[Start of Attachment]
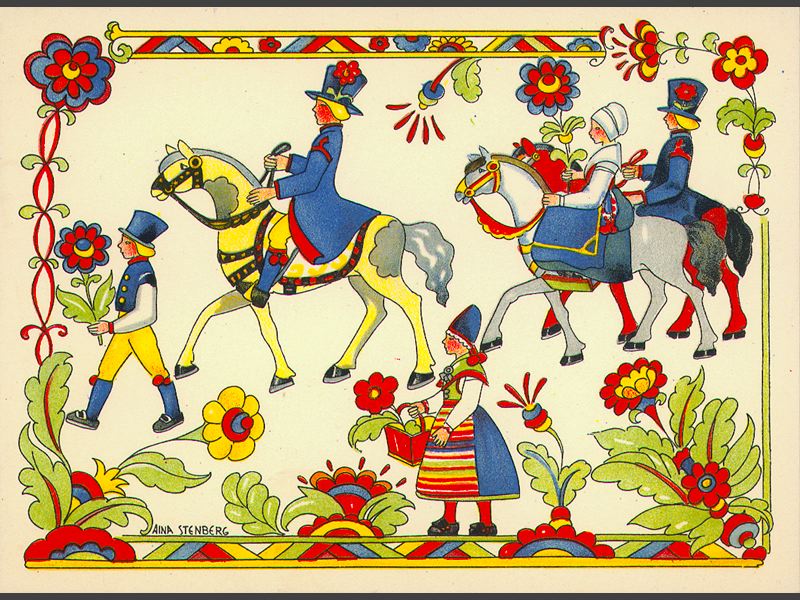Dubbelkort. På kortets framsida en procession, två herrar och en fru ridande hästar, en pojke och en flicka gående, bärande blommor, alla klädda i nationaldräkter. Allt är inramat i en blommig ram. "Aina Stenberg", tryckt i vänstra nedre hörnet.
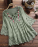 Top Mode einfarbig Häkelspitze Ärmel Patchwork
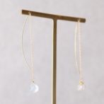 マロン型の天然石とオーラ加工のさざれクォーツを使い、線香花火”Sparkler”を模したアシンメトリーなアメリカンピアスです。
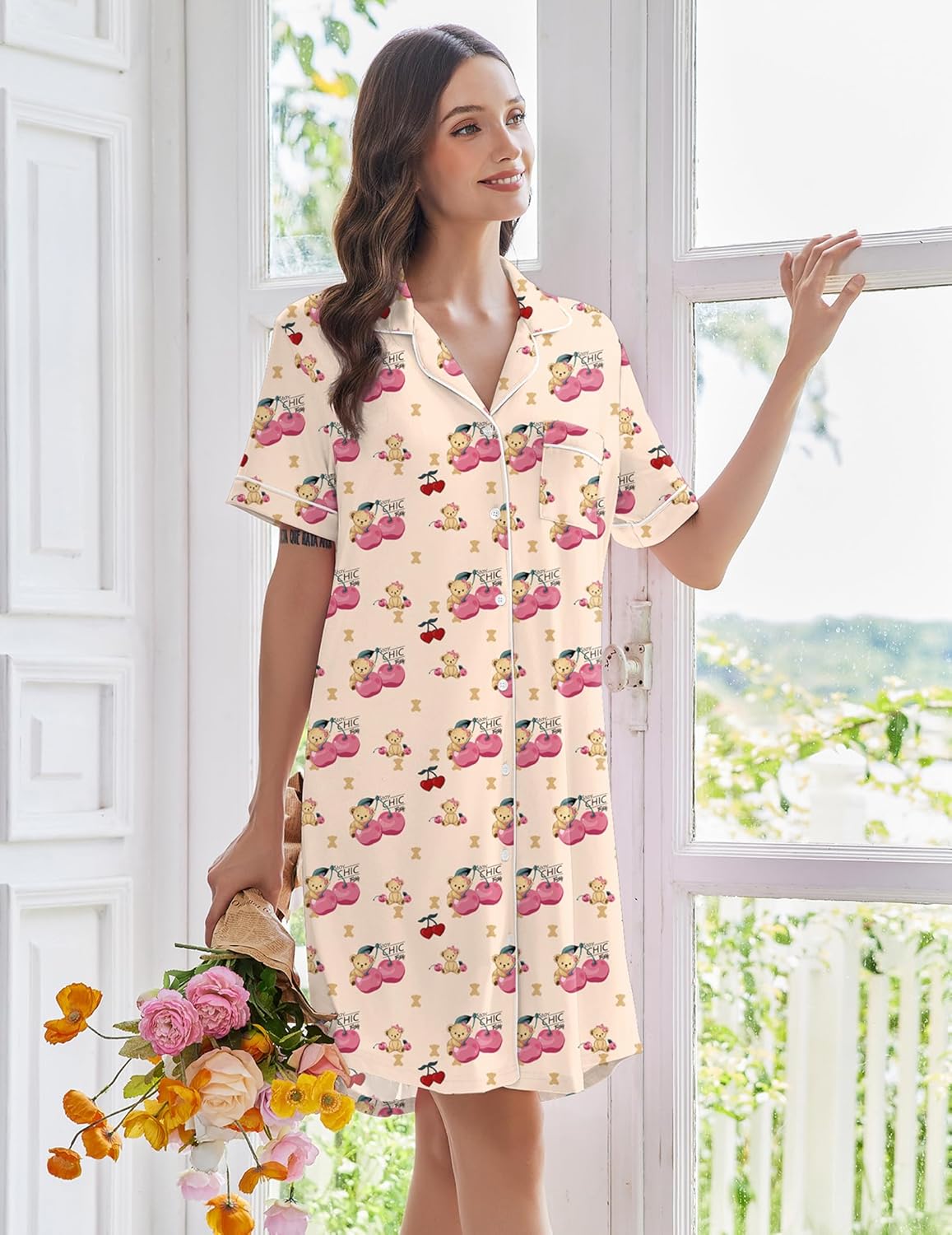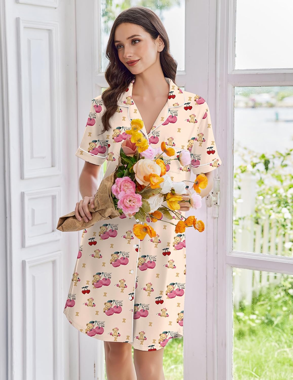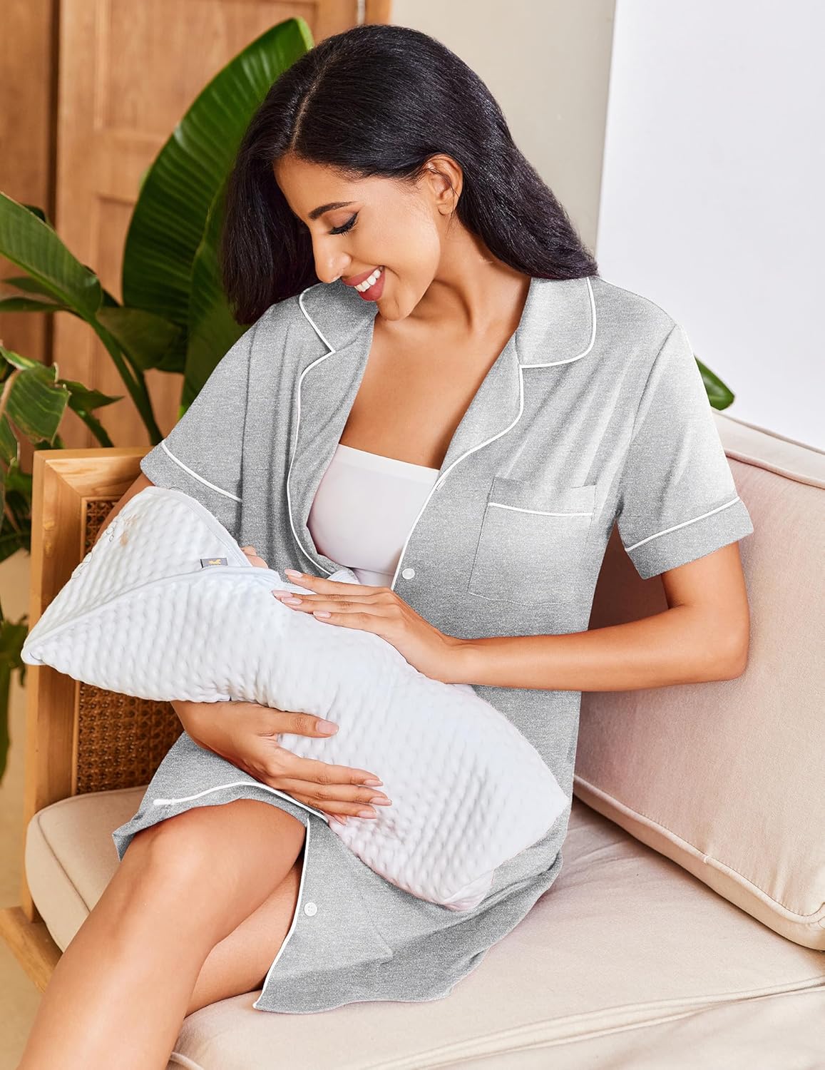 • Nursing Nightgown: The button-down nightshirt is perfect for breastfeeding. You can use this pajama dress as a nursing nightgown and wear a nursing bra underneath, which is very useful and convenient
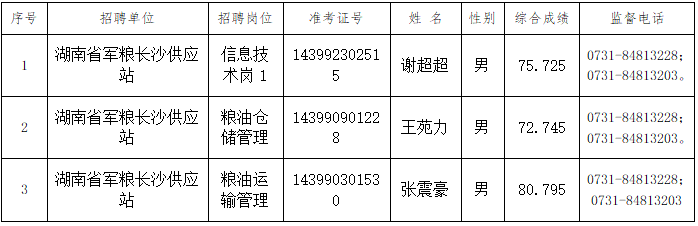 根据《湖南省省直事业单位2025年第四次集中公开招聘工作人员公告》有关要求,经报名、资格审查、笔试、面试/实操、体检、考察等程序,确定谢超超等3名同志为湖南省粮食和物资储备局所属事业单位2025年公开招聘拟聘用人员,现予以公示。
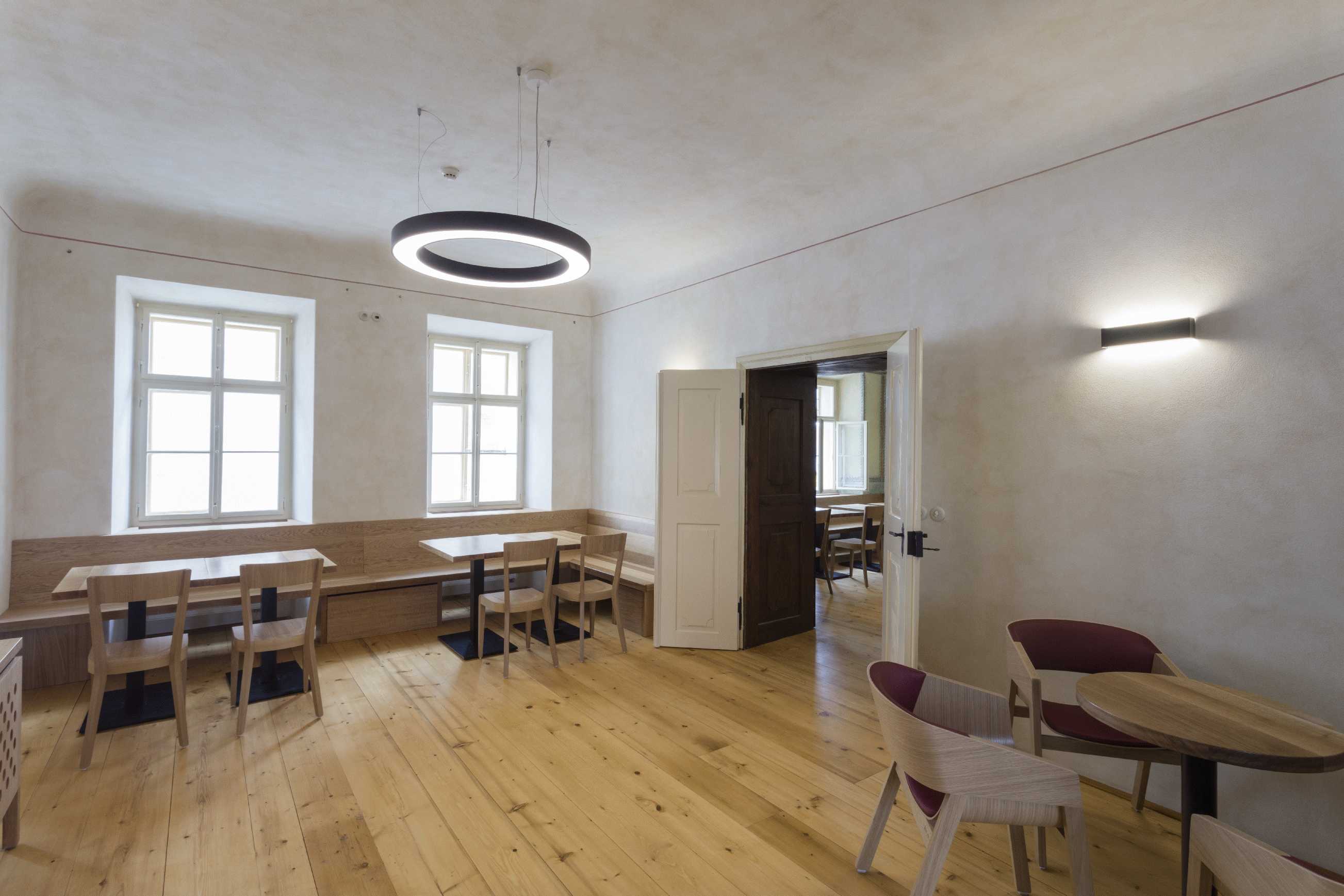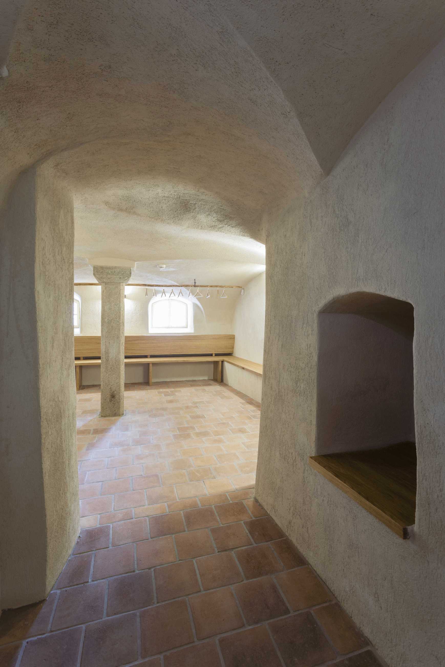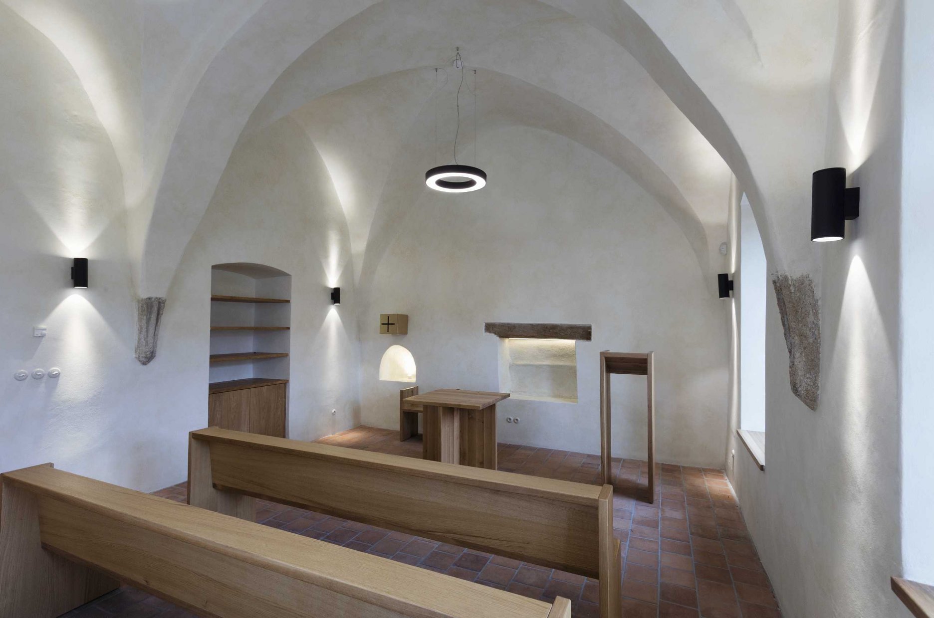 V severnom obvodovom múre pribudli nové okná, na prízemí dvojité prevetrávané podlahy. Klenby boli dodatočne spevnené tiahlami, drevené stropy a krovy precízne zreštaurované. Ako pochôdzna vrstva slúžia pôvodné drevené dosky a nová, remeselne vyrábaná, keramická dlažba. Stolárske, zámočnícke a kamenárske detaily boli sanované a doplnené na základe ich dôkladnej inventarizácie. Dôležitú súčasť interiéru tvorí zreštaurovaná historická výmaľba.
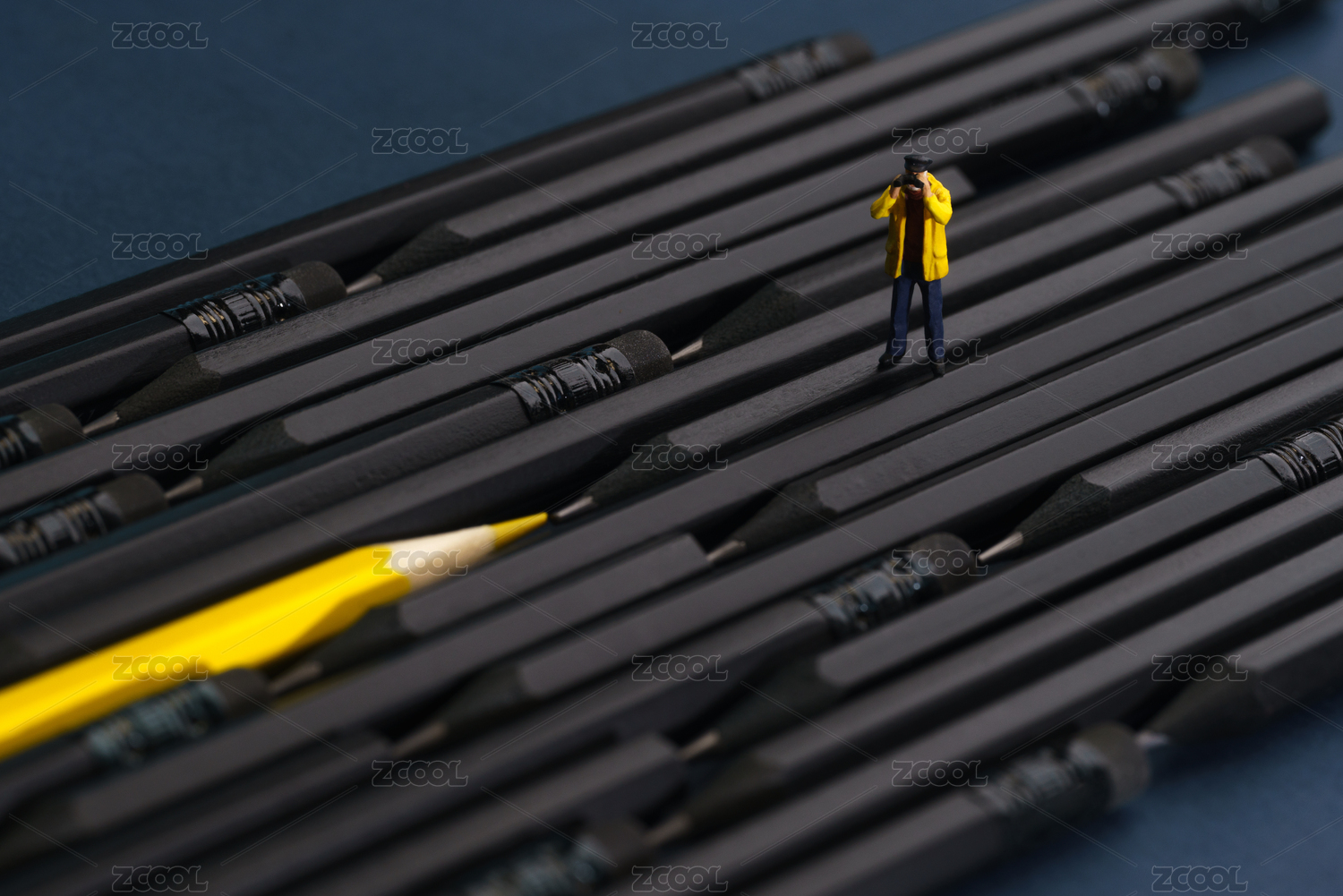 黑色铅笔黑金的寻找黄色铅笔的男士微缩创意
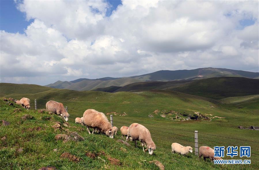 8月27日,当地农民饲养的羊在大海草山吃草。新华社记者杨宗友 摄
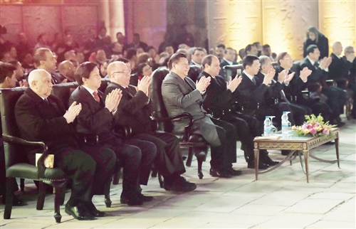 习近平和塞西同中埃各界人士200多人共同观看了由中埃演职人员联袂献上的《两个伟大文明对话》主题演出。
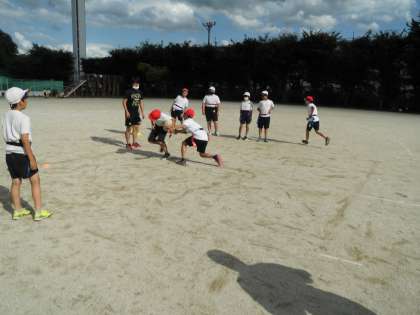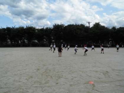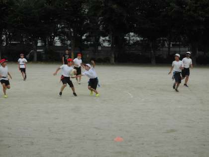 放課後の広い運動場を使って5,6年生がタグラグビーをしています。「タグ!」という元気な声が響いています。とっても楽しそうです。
[End of Attachment]
#### Exercise prompt
Would you transcribe the whole listing above exactly? The pictures should not be included.

#### Result below
Dubbelkort. På kortets framsida en procession, två herrar och en fru ridande hästar, en pojke och en flicka gående, bärande blommor, alla klädda i nationaldräkter. Allt är inramat i en blommig ram. "Aina Stenberg", tryckt i vänstra nedre hörnet.
 Top Mode einfarbig Häkelspitze Ärmel Patchwork
 マロン型の天然石とオーラ加工のさざれクォーツを使い、線香花火”Sparkler”を模したアシンメトリーなアメリカンピアスです。
 • Nursing Nightgown: The button-down nightshirt is perfect for breastfeeding. You can use this pajama dress as a nursing nightgown and wear a nursing bra underneath, which is very useful and convenient
 根据《湖南省省直事业单位2025年第四次集中公开招聘工作人员公告》有关要求,经报名、资格审查、笔试、面试/实操、体检、考察等程序,确定谢超超等3名同志为湖南省粮食和物资储备局所属事业单位2025年公开招聘拟聘用人员,现予以公示。
 V severnom obvodovom múre pribudli nové okná, na prízemí dvojité prevetrávané podlahy. Klenby boli dodatočne spevnené tiahlami, drevené stropy a krovy precízne zreštaurované. Ako pochôdzna vrstva slúžia pôvodné drevené dosky a nová, remeselne vyrábaná, keramická dlažba. Stolárske, zámočnícke a kamenárske detaily boli sanované a doplnené na základe ich dôkladnej inventarizácie. Dôležitú súčasť interiéru tvorí zreštaurovaná historická výmaľba.
 黑色铅笔黑金的寻找黄色铅笔的男士微缩创意
 8月27日,当地农民饲养的羊在大海草山吃草。新华社记者杨宗友 摄
 习近平和塞西同中埃各界人士200多人共同观看了由中埃演职人员联袂献上的《两个伟大文明对话》主题演出。
 放課後の広い運動場を使って5,6年生がタグラグビーをしています。「タグ!」という元気な声が響いています。とっても楽しそうです。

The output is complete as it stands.